Eric Maillaud said he has still found no motive for the murders of Iraqi-born engineer Saad al-Hilli together with his wife, mother-in-law and a French cyclist near lake Annecy in September.

But although investigators are keeping all lines of inquiry open, they have moved away from initial suspicions that the answer lies in a family dispute between Mr al-Hilli and his brother Zaid.

Mr Maillaud, Annecy's chief prosecutor who is leading the case, told the BBC: "Without doubt we are looking for someone who has killed before, someone who puts no value on human life.

"We are not sure whether that means it's a professional hit but if it was done on a contract it was very badly done.
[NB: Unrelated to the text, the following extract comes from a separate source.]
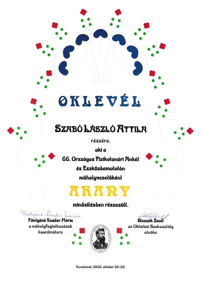 Újabb rangos elismerést hozott Csongrádra a Batsányi János Gimnázium és Kollégium egyik meghatározó tanára: Szabó László fizikatanár az idei 66. Országos Fizikatanári Ankét keretében aranyminősítést vehetett át szakmai bemutatójáért.

"We are looking for unbalanced people - capable of extreme violence," he added.

"People who have access to weapons - hunters, collectors, shooting club members, some of whom could have had psychiatric problems.

"We are searching a huge area stretching into Switzerland and Italy - and that includes a large number of people."

Mr al-Hilli's family have expressed their anger at being investigated for the killings, with his brother strongly denying a spat over their father's inheritance had anything to with the deaths.

But Mr Maillaud said it was the "first obligation of any inquiry to eliminate the immediate family".

Engineer Mr al-Hilli, 50, of Claygate, Surrey, and his dentist wife Iqbal, 47, were brutally murdered along with her mother Suhaila Al-Allaf, 74, and cyclist Sylvain Mollier, 45, in the horrifying gun attack in woodland near the village of Chevaline on September 5.

The al-Hilli's four-year-old daughter Zeena lay undiscovered under her mother's corpse for eight hours after the shooting, while her seven-year-old sister Zainab was found with serious injures after being shot and beaten.

About 100 police officers in Britain and France are investigating the murders in an investigation which spans France, Switzerland, Italy, the UK, Sweden and southern Spain, where Mr al-Hilli's father had an apartment.

In the interview, Mr Maillaud all but rejected recent speculation that Mr Mollier, who worked in the nuclear industry, was the killer's main target.

"We are 99 per cent sure he was nothing to do with it," he said.